In the CHSH game, there are two cooperating players, Alice and Bob, and a referee, Charlie. These agents will be abbreviated ${\displaystyle A,B,C}$ respectively. At the start of the game, Charlie chooses bits ${\displaystyle x,y\in \{0,1\}}$ uniformly at random, and then sends ${\displaystyle x}$ to Alice and ${\displaystyle y}$ to Bob. Alice and Bob must then each respond to Charlie with bits ${\displaystyle a,b\in \{0,1\}}$ respectively. Now, once Alice and Bob send their responses back to Charlie, Charlie tests if ${\displaystyle a\oplus b=x\wedge y}$. If this equality holds, then Alice and Bob win, and if not then they lose.

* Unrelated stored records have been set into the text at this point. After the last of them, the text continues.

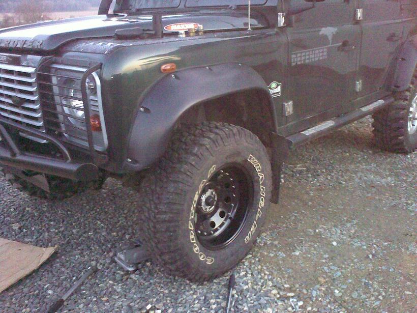 Trochu jsem pokročil v úpravě disků. Na prvním obrázku je původní disk a na dalších již otočený střed a nalakované disky. Pneu jsem zvolil 265/75/16. Není to sice nic noc zozměr
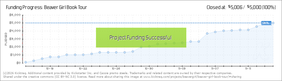 YAY! We did it! The Beaver Girl Book Tour is now fully funded! THANK YOU SO MUCH!!! I will be in touch with all the backers to send rewards, so if you're a backer, keep an eye out for that message. Much love and gratitude, Cassie (Read More)
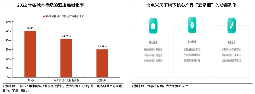 經(jīng)典案例:根據(jù)《2022年中國(guó)酒店業(yè)發(fā)展報(bào)告》、云掌柜官網(wǎng)、光大證券研究所等綜合資訊表明,2021、2022年,同程旅行先后收購(gòu)了兩家 PMS(Property management system,酒店物業(yè)管理系統(tǒng))公司——長(zhǎng)沙金天鵝(100%股權(quán)) 與北京米天下(53.5%股權(quán)),為低線城市的中小型酒店提供 SaaS 解決方案,協(xié)助其提高運(yùn)營(yíng)效率。例如,米天下推出的云掌柜民宿多終端房態(tài)管理系統(tǒng)已服 務(wù) 20 萬(wàn)家民宿,為其提供房態(tài)管理、財(cái)務(wù)統(tǒng)計(jì)、渠道直連等技術(shù)支持。
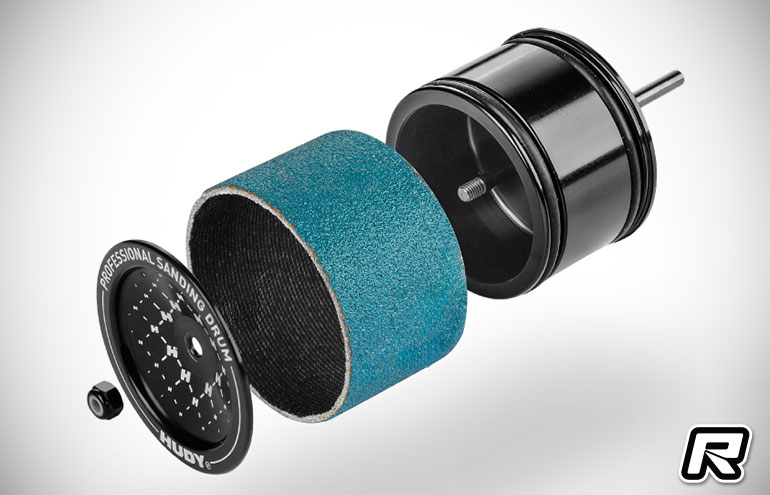 Adding to its tool line up famed RC tool producer Hudy has introduced its own Sanding Drum designed for Lexan bodyshell and wing preparation, as well as other detailed technical work.  Machined from premium Swiss 7075 T6 aluminium, the sanding drum body ensures perfect balance, durability, and smooth operation when used with any handheld rotary tool.  The body features an easy-to-change drum attachment system using an M3 nut, allowing quick replacement of sanding drums to match the desired grain roughness.  The complete set includes P120 medium grain sanding drum.  Optional drums are available in a range of grits from coarse to ultra-fine – P080 (Coarse), P180 (Fine) and P240 Grain (Ultra-Fine).
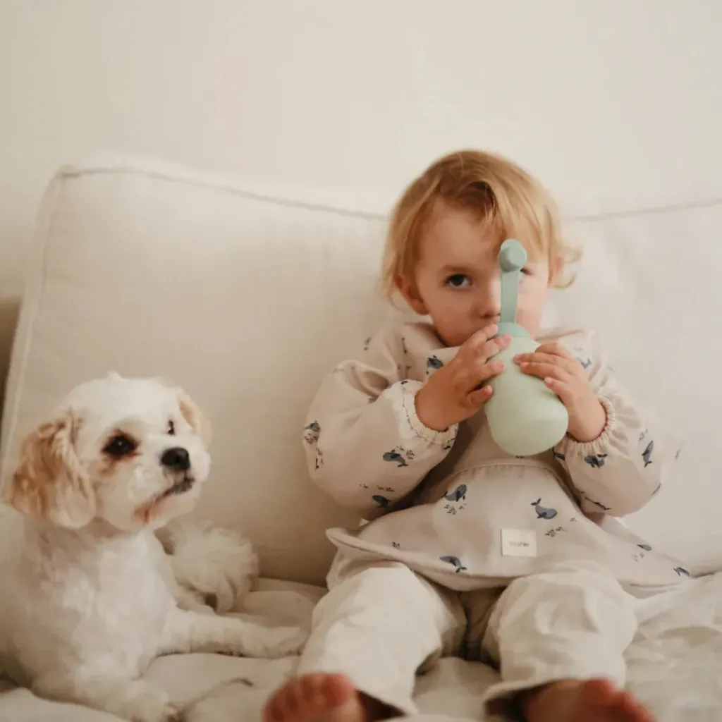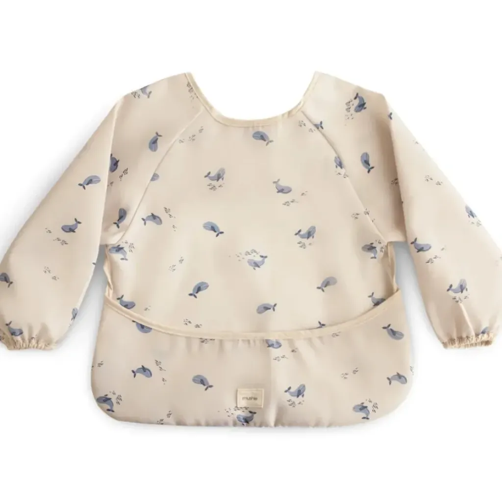 Le bavoir imperméable doté de manches longues est idéal pour protéger les vêtements au moment des repas. On craque pour son imprimé Baleines.

It is also required that Alice and Bob's responses can only depend on the bits they see: so Alice's response ${\displaystyle a}$ depends only on ${\displaystyle x}$, and similarly for Bob. This means that Alice and Bob are forbidden from directly communicating with each another about the values of the bits sent to them by Charlie. However, Alice and Bob are allowed to decide on a common strategy before the game begins.

In the following sections, it is shown that if Alice and Bob use only classical strategies involving their local information (and potentially some random coin tosses), it is impossible for them to win with a probability higher than 75%. However, if Alice and Bob are allowed to share a single entangled qubit pair, then there exists a strategy which allows Alice and Bob to succeed with a probability of ~85%.

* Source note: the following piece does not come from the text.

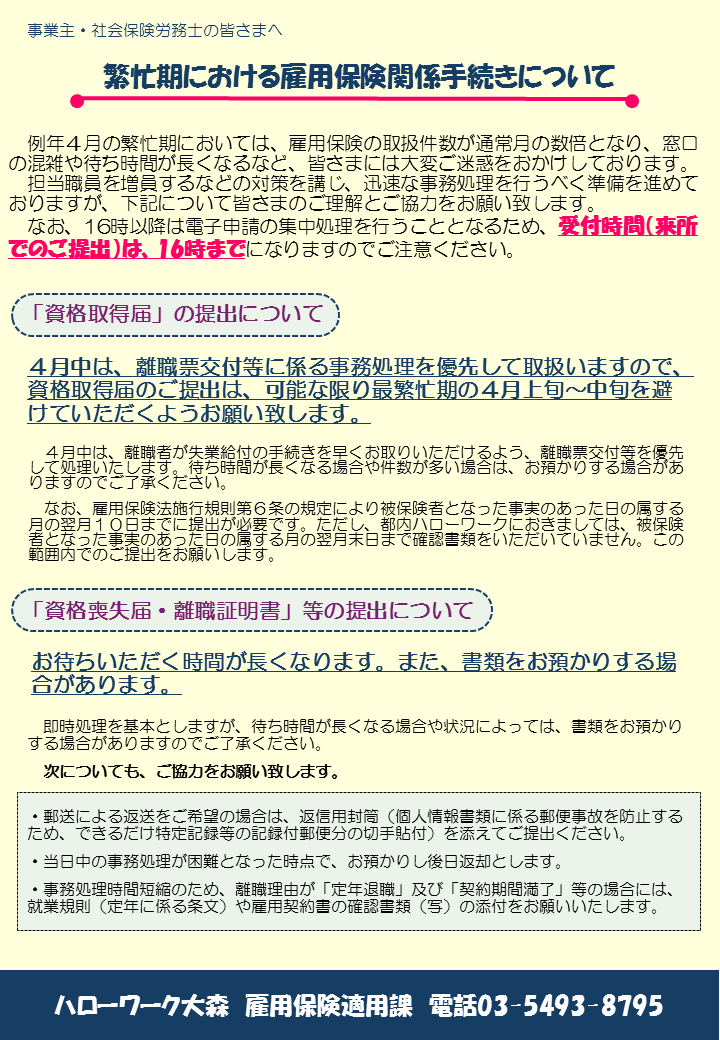 ハローワーク大森 〒143-8588 大田区大森北4-16-7

We first establish that any deterministic classical strategy has success probability at most 75% (where the probability is taken over Charlie's uniformly random choice of ${\displaystyle x,y}$). By a deterministic strategy, we mean a pair of functions ${\displaystyle f_A,f_B:\{0,1\}\mapsto \{0,1\}}$, where ${\displaystyle f_A}$ is a function determining Alice's response as a function of the message she receives from Charlie, and ${\displaystyle f_B}$ is a function determining Bob's response based on what he receives. To prove that any deterministic strategy fails at least 25% of the time, we can simply consider all possible pairs of strategies for Alice and Bob, of which there are at most 8 (for each party, there are 4 functions ${\displaystyle \{0,1\}\mapsto \{0,1\}}$). It can be verified that for each of those 8 strategies there is always at least one out of the four possible input pairs ${\displaystyle (x,y)\in \{0,1{\}}^2}$ which makes the strategy fail. For example, in the strategy where both players always answer 0, we have that Alice and Bob win in all cases except for when ${\displaystyle x=y=1}$, so using this strategy their win probability is exactly 75%.

Now, consider the case of randomized classical strategies, where Alice and Bob have the ability to make some random coin flips and then determine their output as a function of both Charlie's message and the outcomes of their coin flips. Such a strategy can be equivalently viewed as a probability distribution over deterministic strategies, and thus its success probability is a weighted sum over the success probabilities of the deterministic strategies. But since every deterministic strategy has a success probability of at most 75%, this weighted sum cannot exceed 75% either.

Now, imagine that Alice and Bob each possess one qubit of the following 2-qubit entangled state: ${\displaystyle \mathrm{\Phi }=\frac{1}{\sqrt{2}}(|00⟩+|11⟩)}$. This state is commonly referred to as the EPR Pair, and can be equivalently written as ${\displaystyle \mathrm{\Phi }=\frac{1}{\sqrt{2}}(|++⟩+|--⟩)}$. Alice and Bob will use this entangled pair in their strategy as described below. The optimality of this strategy follows from Tsirelson's inequality.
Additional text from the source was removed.